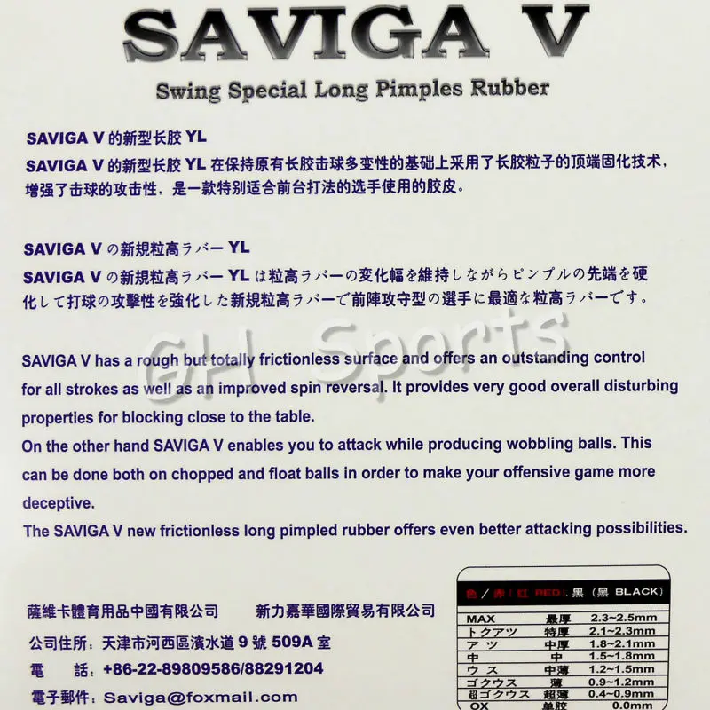 SAVIGA V имеет шероховатую, но полностью фрикционную поверхность и обеспечивает выдающийся контроль за всеми штрихами, а также улучшенный разворот вращения. Он обеспечивает очень хорошие общие тревожные свойства для блокировки близко к таблице. С другой стороны, SAVIGA V позволяет вам атаковать во время производства колеблющихся шариков. Это можно сделать как на рубленых, так и на поплавковых шариках, чтобы сделать вашу наступательную игру более обманчивой. SAVIGA V Новая фрикционно длинная резиновая Резина предлагает еще лучшие возможности атакующих. Толщина губки: 0,5-0,8 мм Цвет резины: красный или черный
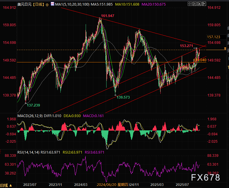从日线图可以看出,美元兑日元目前受制于上升趋势线上轨和下降压力线即153.70附近153.20-153.70位压力区间。
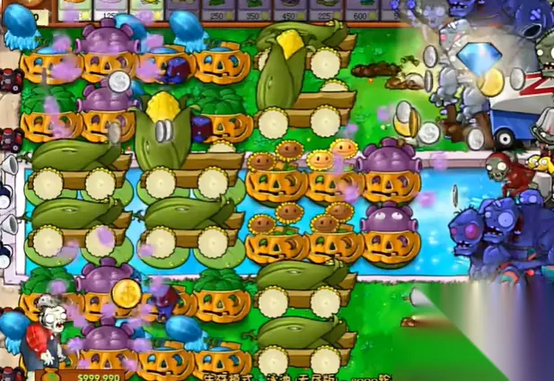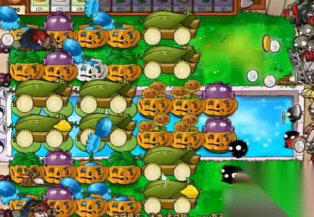 中后期防线:细节定成败 水路僵尸群集?忧郁菇是前排不二之选!三格强力喷杀,瞬间清场效率爆棚!别忘了给陆地关键输出点套上南瓜罩,尤其前排的火力点。这时必须养成随手检查罩子的习惯,眼见它快破?马上点个新的补上!一个罩子的破损,可能就是防线崩溃的开始!
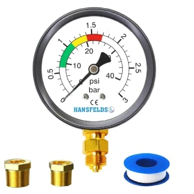 ✅ Key Features: ✔ Measuring range: 0–3 bar / PSI ✔ Robust 63 mm dial: Provides excellent readability under all conditions ✔ 1/4" BSP bottom connection: Allows easy installation and secure fitting ✔ Brass internal connection: Ensures corrosion resistance and reliable sealing ✔ Dual scale (Bar/Psi): Flexible for measuring in either unit ✔ Accuracy Class 1.6: Ideal for precise measurements Precise pressure measurement up to 3 bar / PSI. 💡 Suitable Applications: ✔ Pool filter pressure gauge, water pressure tester for swimming pool filters, pumps, and fish ponds ✔ 63 mm dial with dual scale (Bar/Psi) 📦 Package Includes: ✔ 1 x Hansfelds Pressure Gauge (Bar/PSI) ✔ 2 x Brass reducer adapters: 1/4" female – 3/8" male and 1/4" female – 1/2" male ✔ 1 x Teflon tape 1/4" BSP bottom connection
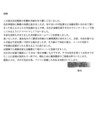 当事務所では、今後のサービス向上・改善のため、ご利用いただいたお客様にアンケートを実施しております。お寄せいただいたご意見を真摯に受け止め、より一層ご満足していただけるよう、日々努力していきたいと考えております。
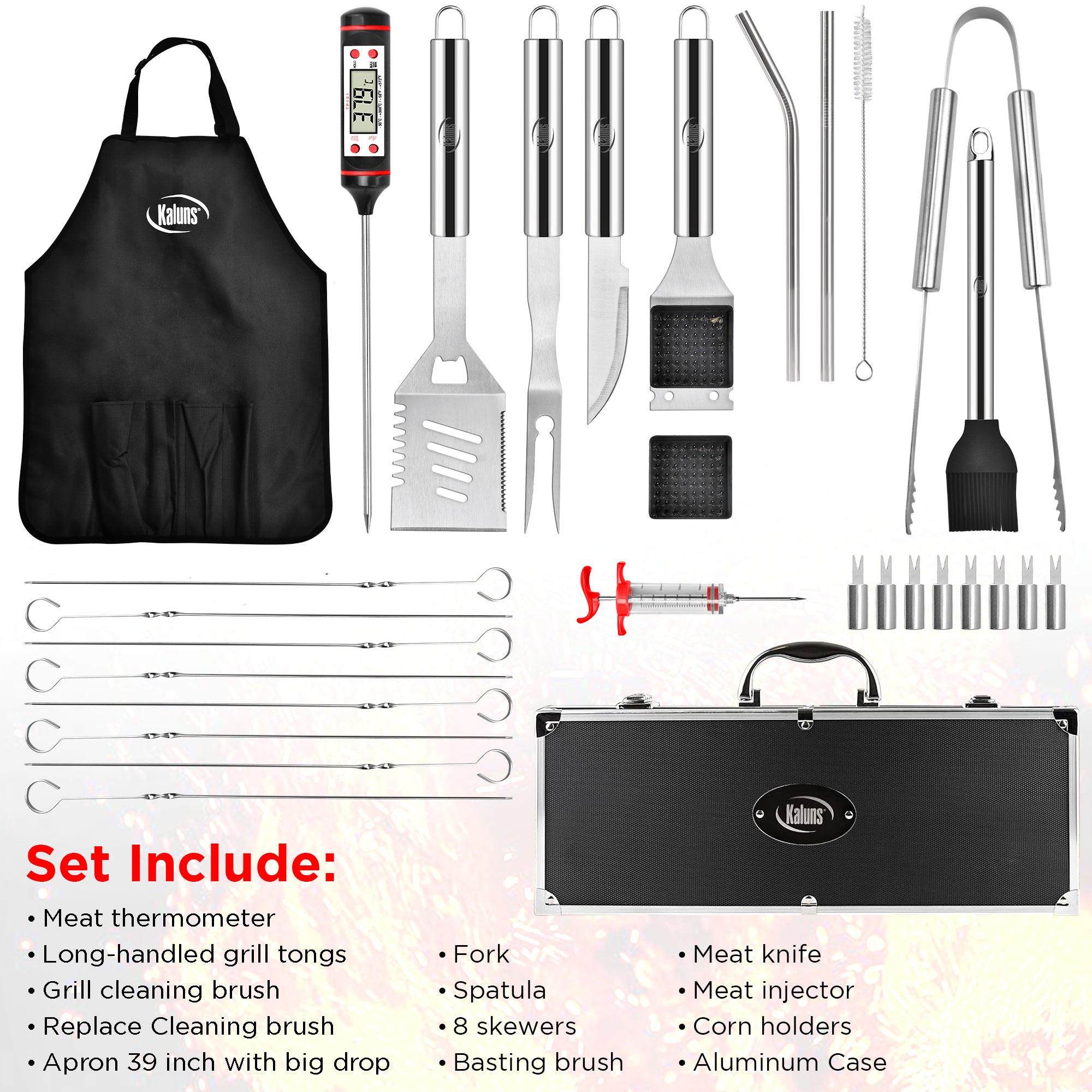 This grilling arsenal, forged from heavy-duty stainless steel, transforms you into a backyard BBQ legend

※ ※ ※

→ **Task**
Give back the entries verbatim but drop every picture.

→ **Written reply**
 SAVIGA V имеет шероховатую, но полностью фрикционную поверхность и обеспечивает выдающийся контроль за всеми штрихами, а также улучшенный разворот вращения. Он обеспечивает очень хорошие общие тревожные свойства для блокировки близко к таблице. С другой стороны, SAVIGA V позволяет вам атаковать во время производства колеблющихся шариков. Это можно сделать как на рубленых, так и на поплавковых шариках, чтобы сделать вашу наступательную игру более обманчивой. SAVIGA V Новая фрикционно длинная резиновая Резина предлагает еще лучшие возможности атакующих. Толщина губки: 0,5-0,8 мм Цвет резины: красный или черный
从日线图可以看出,美元兑日元目前受制于上升趋势线上轨和下降压力线即153.70附近153.20-153.70位压力区间。
 中后期防线:细节定成败 水路僵尸群集?忧郁菇是前排不二之选!三格强力喷杀,瞬间清场效率爆棚!别忘了给陆地关键输出点套上南瓜罩,尤其前排的火力点。这时必须养成随手检查罩子的习惯,眼见它快破?马上点个新的补上!一个罩子的破损,可能就是防线崩溃的开始!
 ✅ Key Features: ✔ Measuring range: 0–3 bar / PSI ✔ Robust 63 mm dial: Provides excellent readability under all conditions ✔ 1/4" BSP bottom connection: Allows easy installation and secure fitting ✔ Brass internal connection: Ensures corrosion resistance and reliable sealing ✔ Dual scale (Bar/Psi): Flexible for measuring in either unit ✔ Accuracy Class 1.6: Ideal for precise measurements Precise pressure measurement up to 3 bar / PSI. 💡 Suitable Applications: ✔ Pool filter pressure gauge, water pressure tester for swimming pool filters, pumps, and fish ponds ✔ 63 mm dial with dual scale (Bar/Psi) 📦 Package Includes: ✔ 1 x Hansfelds Pressure Gauge (Bar/PSI) ✔ 2 x Brass reducer adapters: 1/4" female – 3/8" male and 1/4" female – 1/2" male ✔ 1 x Teflon tape 1/4" BSP bottom connection
 当事務所では、今後のサービス向上・改善のため、ご利用いただいたお客様にアンケートを実施しております。お寄せいただいたご意見を真摯に受け止め、より一層ご満足していただけるよう、日々努力していきたいと考えております。
 This grilling arsenal, forged from heavy-duty stainless steel, transforms you into a backyard BBQ legend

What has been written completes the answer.